爱奇小说 > 穿越小说 > 假如贞德在死后第三天复活 > 第2章 赫拉克略
    瓦迪斯瓦夫最先听见的是两个女人的声音。

    一道隔着门板,低而苍老,他从未听过。另一道更轻,说出的每个希腊词之间都有短暂的停顿,像是在一条并不熟悉的路上小心落脚。

    “彼得……醒了吗?”

    瓦迪斯瓦夫想睁开眼,眼皮却像被什么压住。门外的老妇人回答了一长串话,他只分辨出“不”和“早晨”。年轻女人用同样简短的希腊语向她道谢,又慢慢补了一句:倘若彼得醒来,而她恰好不在,请先来告诉她。

    彼得是谁?

    这个念头刚刚浮上来,门轴轻轻呻吟一声。

    脚步进入房间,门随即合拢。

    瓦迪斯瓦夫终于睁开眼。低矮的房梁上留着几处修补木条,蜡布窗卷起一角,灰白天光落进来,屋里混着草药、湿灰和酸酒的气味。

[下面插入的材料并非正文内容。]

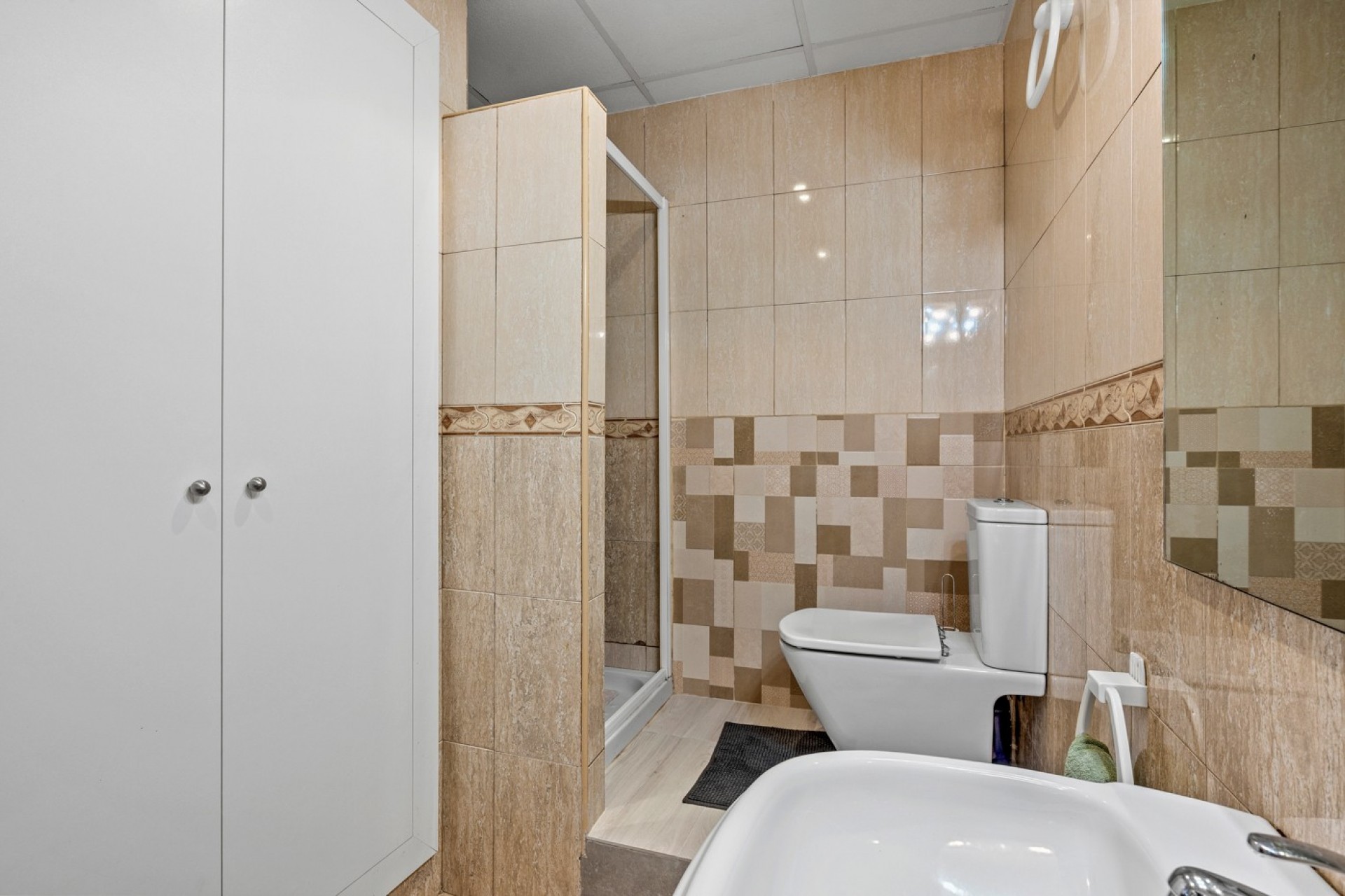 À l’extérieur, la villa continue de séduire avec un garage privé, un espace barbecue et une magnifique piscine de 12 x 4 mètres. Vous y trouverez également un salon fermé avec cuisine extérieure et douche, parfait pour profiter des soirées d’été. Le vaste terrain est agrémenté d’oliviers et d’arbres fruitiers, renforçant son charme méditerranéen.

    贞德走到床边。头发挽在脑后,用一条普通布巾束住,身上是本地村妇常穿的长裙和罩衣,腰间束着一条粗编布带。她看起来还是她本人,却让瓦迪斯瓦夫一时无法把眼前的人同军旗、炮声和军议帐联系起来。

    “女士——”

    贞德从门口几步便到了床前。她俯下身,一只手捂住他的嘴。

    “玛丽。”她用拉丁语低声说,“我是玛丽。”

    瓦迪斯瓦夫看着她。

    她的手掌轻贴着他的唇,另一只手按在右肩上,阻止他因惊醒而起身。她朝门的方向看了一眼。

    他点头,贞德稍稍松开手。

    “玛丽。”瓦迪斯瓦夫重复。

    声音从干裂的喉咙里挤出来,轻得几乎不像他的。

    她这才把手移开,将床边的木碗端起来。瓦迪斯瓦夫喝了几口,左髋骤然抽痛,牵得腰腹和右侧肋骨同时收紧。

    贞德立刻托住他的后颈,让他重新躺平。

    “不要动左腿。”

    他等疼痛稍微退下去,才想起刚才那个名字。

    “彼得是谁?”

    “你。”

    瓦迪斯瓦夫低头看了一眼自己,毯下只有一件不合身的农夫衬衣。他摸向胸前,甲片、王冠饰物和印戒都已不在。

    “这里是什么地方?”

    “克莱里德斯家的宅邸。”贞德说,“离战场已经有一段路。这里的女主人是多布拉,一位寡妇。刚才说话的是拉达,她的老女佣。宅子里只有她们两个人。”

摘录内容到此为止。